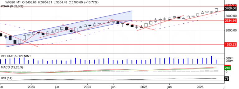 Po įspūdingo ralio praėjusiais metais, kaimyninėje Lenkijos akcijų rinkoje šiais metais ir toliau dominuoja buliai, o WIG20 indeksas išlieka virš augimo tendencijos linijos.
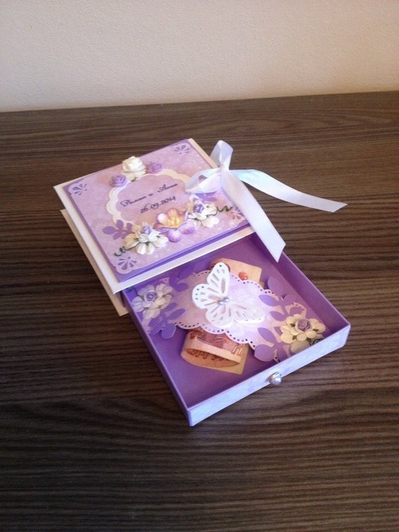 Знакомая идет на свадьбу и попросила меня сделать коробочку для денег, в ней есть место для пожелания молодым, которое дарители решили написать сами) смотрите, что получилось)
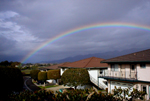 Opening my front door this morning, dog in my arms and backpack replete with freshly slaughtered English, I was met by this wonderful rainbow.
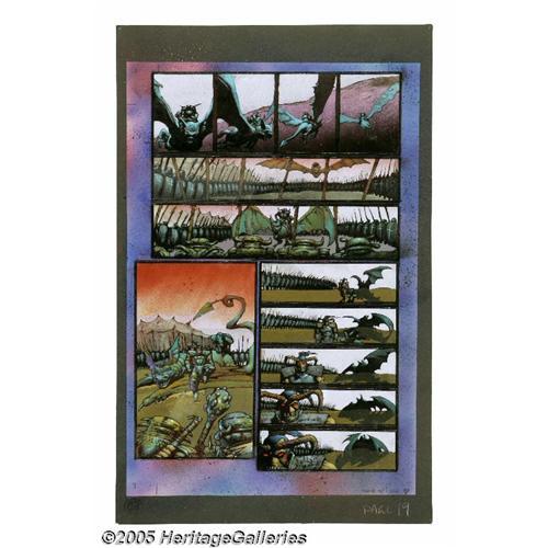 <B>Simon Bisley and Kevin Eastman - Melting Pot, Book One, page 19 Original Art (Kitchen Sink, 1994).</B></I> Riding a horrid winged monstrosity, the malevolent Lord Tyler returns to his troops, who stand ready for battle. Simon Bisley paints over Kevin Eastman's pencils on this page from the four issue series. Bisley's tight ink and acrylic wash renderings nicely highlight the panels. The art has an image area of 14"" x 21.5"" and is in Excellent condition. <BR><BR><B>Important notice:</B> Heritage usually auctions material at the rate of 200-250 lots per hour. On some occasions eBay Live bid software or the Internet may not be able to keep up with the pace of the auction. We recommend placing a realistic absentee bid now as insurance to avoid disappointment. Occasionally the auctioneer may eliminate or reject an eBay Live bid, and the auctioneer may also reopen a lot after the close of the eBay live bidding (usually because we missed an audience bid), and may reject your bid even if it shows you as the winning bidder. By bidding via eBay Live, you agree that Heritage may award the lot to another bidder at its sole discretion under the circumstances described above or any other reasonable circumstances. Since eBay bids are not shown to us until we open the lot on the floor, we treat those bids just like floor bids. In most cases the floor responds before the eBay bid is presented to us, due to Internet lag time, so for consistency we have made it a policy that floor bids are always considered first over tie eBay live bids. Also please note that all Heritage lots purchased through eBay Live carry a 20% Buyer's Premium. Please make sure you read the Terms and Conditions before you bid. This lot is being auctioned in conjunction with a live floor auction by Heritage Galleries & Auctioneers. All final auction and invoice information will be supplied by Heritage Galleries & Auctioneers, and all other information should be considered preliminary. Lot:4056 <BR><BR><B>Winn

**What is required**
Output exactly the span of lines from the top of the listing through the line holding "Знакомая идет на", and leave every picture out.

**Task output**
 Po įspūdingo ralio praėjusiais metais, kaimyninėje Lenkijos akcijų rinkoje šiais metais ir toliau dominuoja buliai, o WIG20 indeksas išlieka virš augimo tendencijos linijos.
 Знакомая идет на свадьбу и попросила меня сделать коробочку для денег, в ней есть место для пожелания молодым, которое дарители решили написать сами) смотрите, что получилось)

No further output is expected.